> _Required action_: Exactly the lines starting at the line containing "La riva sinistra" and ending at the line containing "Στο ερώτημα αν" are to be written out from the listing below, both included.

> _Given information_:
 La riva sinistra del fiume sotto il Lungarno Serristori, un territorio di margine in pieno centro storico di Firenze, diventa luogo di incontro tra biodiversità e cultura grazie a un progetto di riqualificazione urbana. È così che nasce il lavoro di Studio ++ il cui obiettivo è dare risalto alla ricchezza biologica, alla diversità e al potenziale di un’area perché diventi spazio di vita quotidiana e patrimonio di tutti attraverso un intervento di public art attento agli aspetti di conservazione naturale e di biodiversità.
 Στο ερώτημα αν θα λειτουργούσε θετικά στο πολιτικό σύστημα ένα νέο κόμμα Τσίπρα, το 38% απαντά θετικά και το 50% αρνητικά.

--

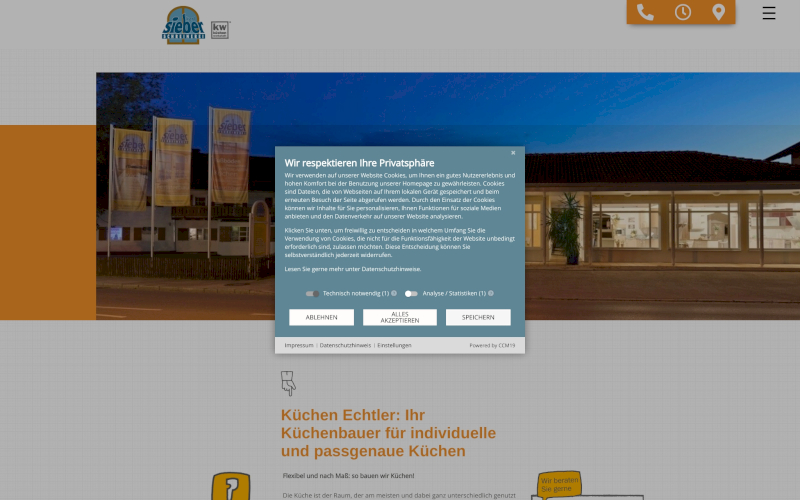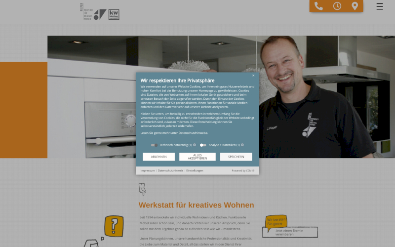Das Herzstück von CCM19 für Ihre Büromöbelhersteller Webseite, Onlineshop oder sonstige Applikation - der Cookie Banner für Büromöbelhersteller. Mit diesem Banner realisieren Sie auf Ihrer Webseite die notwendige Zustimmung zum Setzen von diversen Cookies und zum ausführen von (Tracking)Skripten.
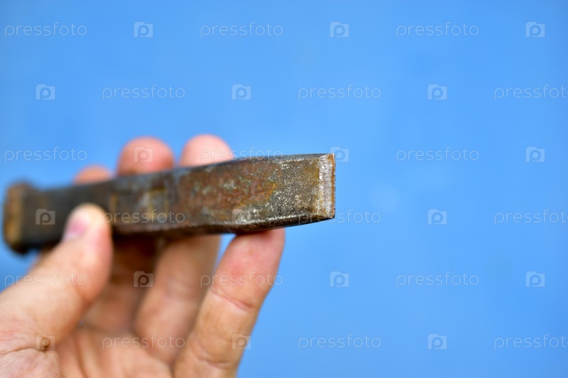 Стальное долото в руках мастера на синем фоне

==

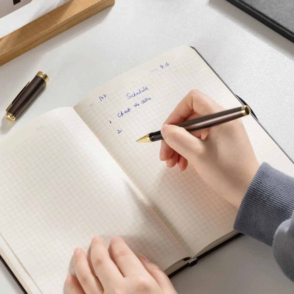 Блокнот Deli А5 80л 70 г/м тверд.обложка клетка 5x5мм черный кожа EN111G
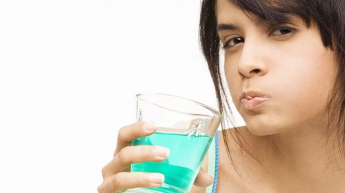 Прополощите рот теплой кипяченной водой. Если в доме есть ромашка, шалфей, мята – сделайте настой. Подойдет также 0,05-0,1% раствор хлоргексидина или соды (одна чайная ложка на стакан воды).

> _Written answer_:
 La riva sinistra del fiume sotto il Lungarno Serristori, un territorio di margine in pieno centro storico di Firenze, diventa luogo di incontro tra biodiversità e cultura grazie a un progetto di riqualificazione urbana. È così che nasce il lavoro di Studio ++ il cui obiettivo è dare risalto alla ricchezza biologica, alla diversità e al potenziale di un’area perché diventi spazio di vita quotidiana e patrimonio di tutti attraverso un intervento di public art attento agli aspetti di conservazione naturale e di biodiversità.
 Στο ερώτημα αν θα λειτουργούσε θετικά στο πολιτικό σύστημα ένα νέο κόμμα Τσίπρα, το 38% απαντά θετικά και το 50% αρνητικά.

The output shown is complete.